Rosemarie Garland-Thomson ’93 Ph.D. explores disability in culture and literature
When Rosemarie Garland-Thomson ’93 Ph.D. first came to Brandeis, she had a variety of identities. Mother, wife and English teacher were among them. Yet she avoided thinking of herself as disabled, despite being born with a congenital difference. One of Garland-Thomson’s arms is shorter than the other, and she has a total of six fingers.
Growing up, Garland-Thomson didn’t know any other disabled people. “I was really isolated as a disabled person and really didn’t identify that way. In fact I tried to kind of avoid the subject because I was just trying to get on with life like anybody else,” Garland-Thomson said in an interview with the Justice. After high school, she attended the University of Nevada in Reno, where she studied English. In the late 1980s, she moved to Massachusetts with her husband and three small children, the youngest of whom was only three years old. She decided to pursue a Ph.D. in English and enrolled at Brandeis University. “I went to Brandeis because it worked the best for me. When I got there I found that it was a very welcoming and flexible environment. I loved every second that I was there,” she said.
As she worked towards her Ph.D. in English, Garland-Thomson began to think more about the representation of disability in culture, literature and art. It was a field of research that didn’t really exist at the time. Yet with the support of her advisor, the late Michael Gilmore, Garland-Thomson began to do the work herself. She was inspired by her previous studies of the women’s movement. She explained, “These new forms of knowledge that came forward as academic feminism, and as the women’s movement in general, made me understand that something similar could be done about people with disabilities and the lives of people with disabilities.”

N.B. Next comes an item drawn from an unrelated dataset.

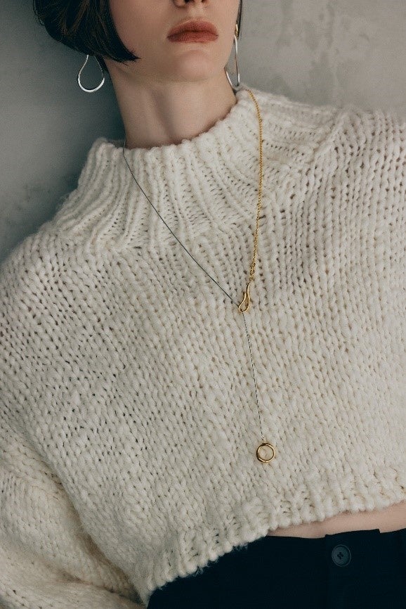 ゴールドとシルバー、両方のメタル感を楽しめるコンビカラーのデザインで、どの角度から見ても曲線になる滑らかなラインが印象的なネックレスです。

However, Garland-Thomson was largely isolated in her studies at Brandeis. So, she attended conferences, submitted papers and joined professional organizations to meet others working in the field of disability studies. Yet, as it turned out, Irving Zola, one of the founders of the Society for Disability Studies, was conducting research across the street from Garland-Thomson. Zola worked in the Brandeis Sociology department, where he had a focus on disability studies. He invited Garland-Thomson to a national conference where she was able to learn more about the field of disability studies and the work that was already being done.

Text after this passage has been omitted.